In this pro se appeal, George Onett argues that the trial court abused its discretion in reserving ruling on his motion for a continuance of trial and his motion for a sixty day stay of the proceedings at the time the court granted his counsel's motion to withdraw, and later granting Onett only a thirty day continuance of trial. We disagree and therefore affirm the summary judgment and dismissal orders entered in this case.

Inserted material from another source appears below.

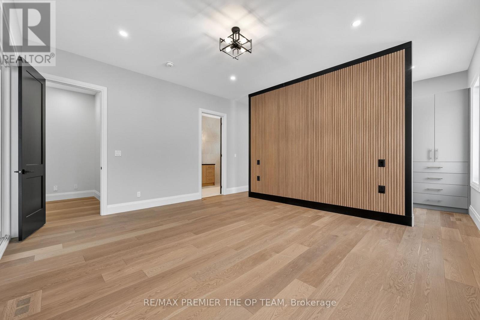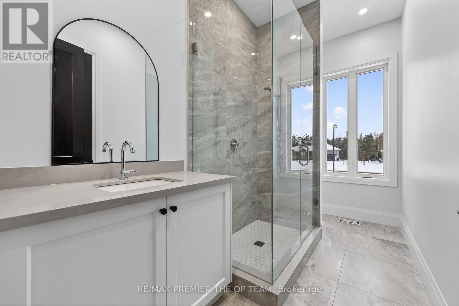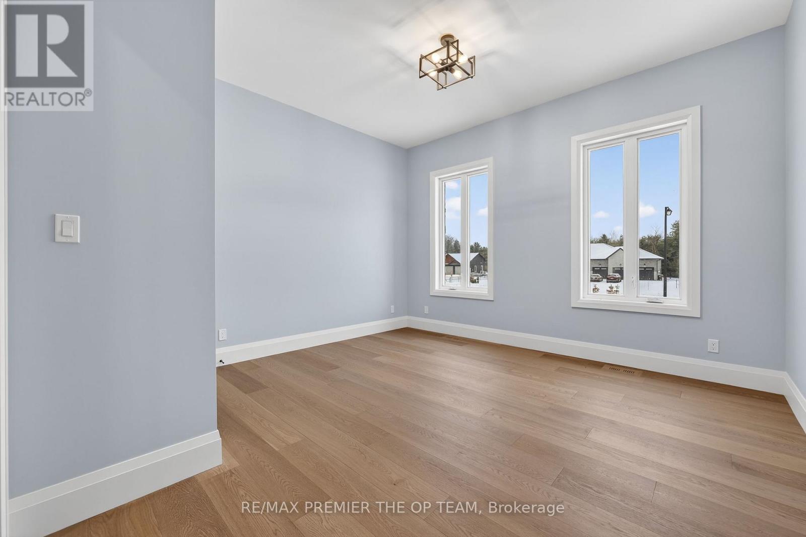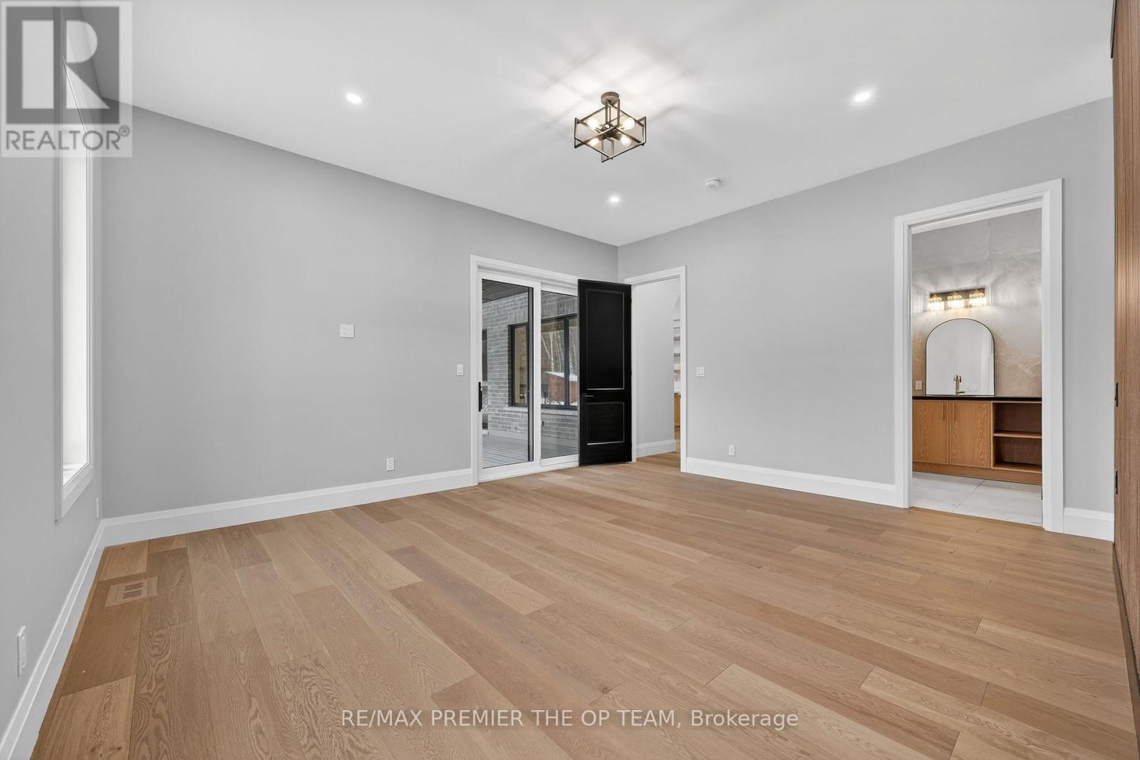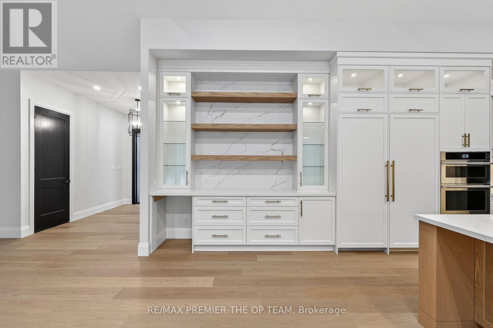 New 3,200 sq. ft. custom stone and brick bungalow on over an acre, built by a quality builder and backed by Tarion warranty. This stunning home features wide plank hardwood floors, high-end light fixtures, JennAir appliances, and Riobel bathroom fixtures throughout. The open-concept kitchen and living area is highlighted by a massive island, butler's pantry with espresso bar, and a dramatic floor-to-ceiling double-sided stone fireplace, with walkout to a covered back deck overlooking a pool-sized yard and forest backdrop. The principal suite offers a feature wall, walk-through custom closet, and spa-inspired ensuite. Separate bedroom wing with 3 bedrooms and 2 full baths. Main floor laundry and mudroom off the impressive 40' x 30' garage with oversized doors, high ceilings for car lifts, and basement walk-up. Basement features 9 ft ceilings and rough-in for additional bath. Landscaping package includes exposed stone concrete walkway, entrance garden with two trees, sodded front yard, and hydro-seeded backyard. Excellent commuter location with easy access to Barrie and Hwy 400. (id:64974)

"A motion for continuance is addressed to the sound discretion of the trial court and, absent abuse of that discretion the court's decision will not be reversed on appeal." Ziegler v. Klein, 590 So. 2d 1066, 1067 (Fla. 4th DCA 1991). In determining whether the trial court abused its discretion in denying the motion, the appellate court must decide, among other things, whether the denial of the continuances created an injustice for the movant. Fleming v. Fleming, 710 So. 2d 601 (Fla. 4th DCA 1998). The abuse of discretion standard also applies to rulings on motions for stay. U .S. Borax, Inc. v. Forster, 764 So. 2d 24, 29 (Fla. 4th DCA 1999), rev. denied, 751 So. 2d 1255 (Fla.2000).
Onett has failed to articulate how the trial court's rulings have caused him prejudice, and we are unable to gleam any prejudice from the instant record since the court took no dispositive action during the five months following the date when Onett's counsel filed his motion to withdraw, and the case never went to trial because the court granted one appellee summary final judgment and the other appellee a dismissal based upon Onett's repeated failures to comply with explicit discovery orders. To the extent that Onett suggests that he had an absolute right to receive an unlimited stay or continuance of the proceedings unless or until he was able to secure replacement counsel, his argument fails. There is no absolute right to counsel in a civil proceeding. See State v. Weeks, 166 So. 2d 892 (Fla.1964). Accordingly, Onett has failed to meet his burden of demonstrating that the trial court abused its discretion.
AFFIRMED.
SHARP, W., PETERSON, and PALMER, JJ., concur.